24 janv. 2009

Ruta 40 et pistes en folie

20 Jan 09

Nous sommes à Cafayate. Petit village avec ses rues en terre. C’est aussi le début de la route du nord, passage assez touristique. Nous retrouvons, par conséquent, beaucoup de monde et des tarifs qui s’envolent. Le village ressemble à un immense centre pour touristes avec son artisanat « local », ses multiples hôtels, ses restaurants en tout genre et ses bars. Il conserve néanmoins un caractère andin assez sympathique mais est de plus en plus prisé car il se situe aussi au milieu des vignobles. Cette pause nous permet de nous ravitailler en protéines en dégustant, une nouvelle fois, les steaks de Chorizo, incomparables.

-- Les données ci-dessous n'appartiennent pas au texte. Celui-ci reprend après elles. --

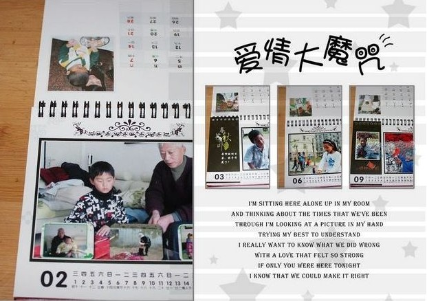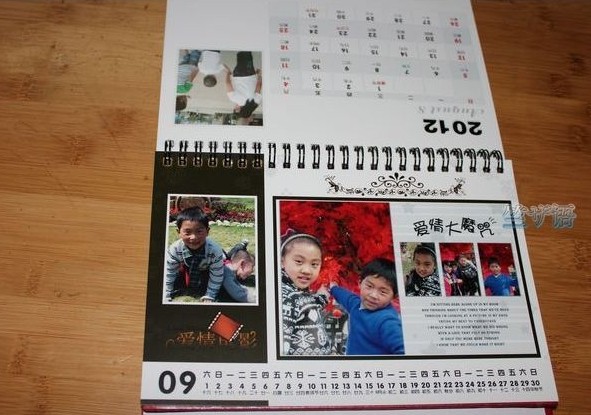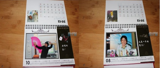 個(gè)性臺(tái)歷8寸的,就想著給父母做一個(gè)。平時(shí)不管是我家的孩子,還是我哥家的孩子,都要周末才會(huì)有時(shí)候去我父母家,因?yàn)槲腋缫膊皇歉腋改缸∫黄鸬?。所以呢,想做這樣一個(gè)臺(tái)歷,這樣每天老人都能翻翻。因?yàn)榕R時(shí)想到做的,我電腦里,侄女和侄子的照片也不多,我就用了幾張我父母的照片,有幾張給他們拍了還沒沖印出來(lái)。這會(huì)做臺(tái)歷就幫他們做過(guò)進(jìn)去得了。
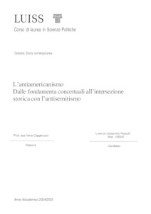 Pasciulli, Lorenzo Costantino (A.A. 2024/2025) L’antiamericanismo: dalle fondamenta concettuali all’intersezione storica con l’antisemitismo. Tesi di Laurea in Storia contemporanea, Luiss Guido Carli, relatore Vera Capperucci, pp. 65. [Bachelor's Degree Thesis]
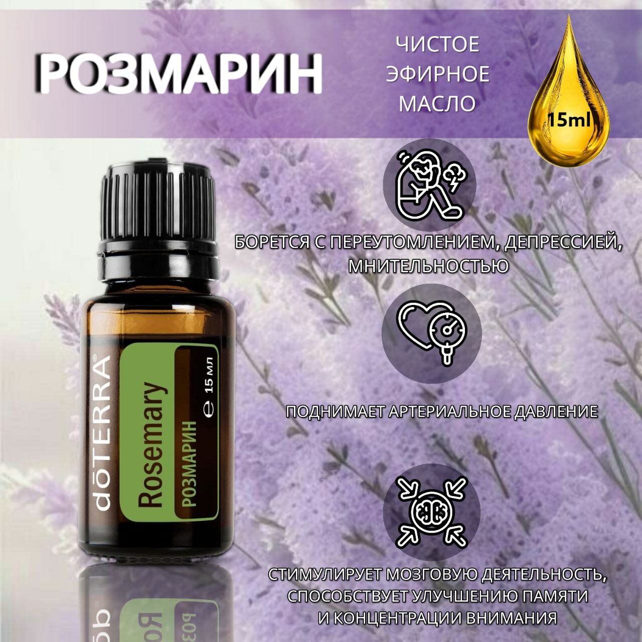 Эфирное масло doTERRA Розмарин, для бани и сауны, дистилляция, 100%, 15мл
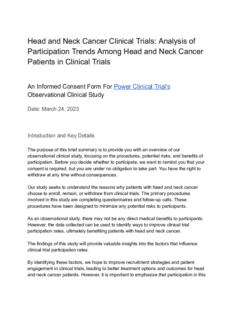 Head and Neck Cancer Clinical Trials: Analysis of Participation Trends Among Head and Neck Cancer Patients in Clinical Trials An Informed Consent Form For Power Clinical Trial\'s Observational Clinical
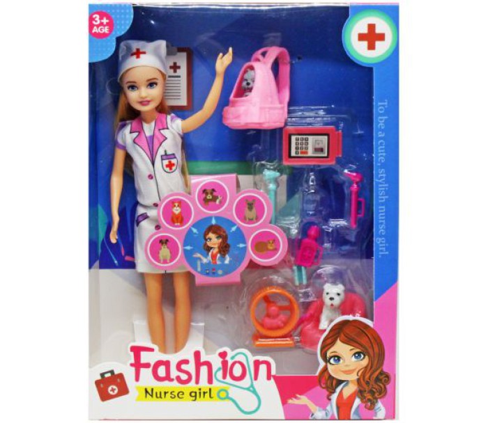 Набір включає ляльку, одягнену в професійний костюм ветеринара, а також все необхідне приладдя для піклування про тварин. У комплекті ви знайдете рюкзачок-перенесення з милим песиком усередині, песика на зручній лежанці, хомʼячка, який весело крутиться в колесі, і планшет лікаря для записів про здоровʼя вихованців. З цим набором діти можуть розігрувати різні сценарії ветеринарної практики, навчаючись піклуватися про тварин та розвиваючи свої навички в ігровій формі.
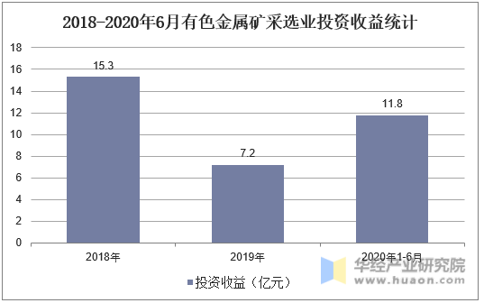 2018-2020年6月有色金屬礦采選業(yè)投資收益統(tǒng)計

Nous partons de Cafayate ce jour pour rejoindre Salta plus au nord. Nous évitons la route directe en préférant prendre la Ruta 40 : 400 kms dont la moitié en piste. Cette route passe par les célèbres vallées Calchaquies, sorte de vallées verdoyantes au milieu de montagnes colorées et découpées. Elle traverse également la Quebrada de las flechas (les Quebradas sont des canyons). Ici, la piste se perd en ce vaste labyrinthe de formations rocheuses plissées et abruptes. Cela pourrait ressembler à la formation d’un glacier mais en roches. Voyager en voiture est apaisant, il suffit juste de laisser flotter son regard autour de soi et de profiter. Cela compense largement la fatigue due à la conduite sur piste généralement sinueuse. Une de nos pauses nous fait rencontrer un groupe de cyclistes argentins, sexagénaires dans la force de l’âge, qui parcourt quasiment le même trajet que le nôtre mais à VTT, incroyable. Nous ne pouvons que les féliciter pour leurs exploits car dans cette région, ça monte, ça descend, il fait chaud mais aussi froid à chaque franchissement de col et le vent est toujours présent. Nous poursuivons notre route et traversons la Valle de los Cordones (vallée de cactus). La Ruta 40 nous mène jusqu’au charmant village de Cachi où nous déjeunons sur une terrasse ombragée de vigne. Accessible uniquement par la piste, il est perdu au milieu des montagnes ce qui lui donne son caractère authentique et préservé d’un village andin : une place centrale juxtaposée à une petite église, quelques rues adjacentes en terre battue et des marchands ambulants venus aguicher le touriste égaré. On est fan. Nous reprenons la route, la vraie, pour quelques kilomètres seulement. Le ciel s’obscurcit, les degrés chutent, Cerise n’indique plus que 7°C et face à nous un tout autre paysage. Une chapelle en haut d’un col à environ 4000 m sur un fond de prairie verte chlorophylle, des moutons et une imposante montagne sous les nuages. En quelques mètres, nous sommes passés d’une vallée désertique à cactus aux Costwolds de Cheltenham. Nous descendons tranquillement cette longue piste en lacet qui serpente sans fin en ne perdant pas une miette de la luminosité si particulière du paysage.
Nous arrivons à Salta en fin d’après midi : un plein d’essence, quelques courses et rebelote, nous partons à la recherche d’un hôtel. Salta est une grande ville qui s’étend dans un bassin entouré de pics verdoyants. Et comme toute grande ville, ce sont beaucoup de voitures, de bruit et de monde. C’est la ville la plus animée du nord du pays. Nous passons la nuit dans un hostal plutôt lugubre mais le seul disponible dans le budget !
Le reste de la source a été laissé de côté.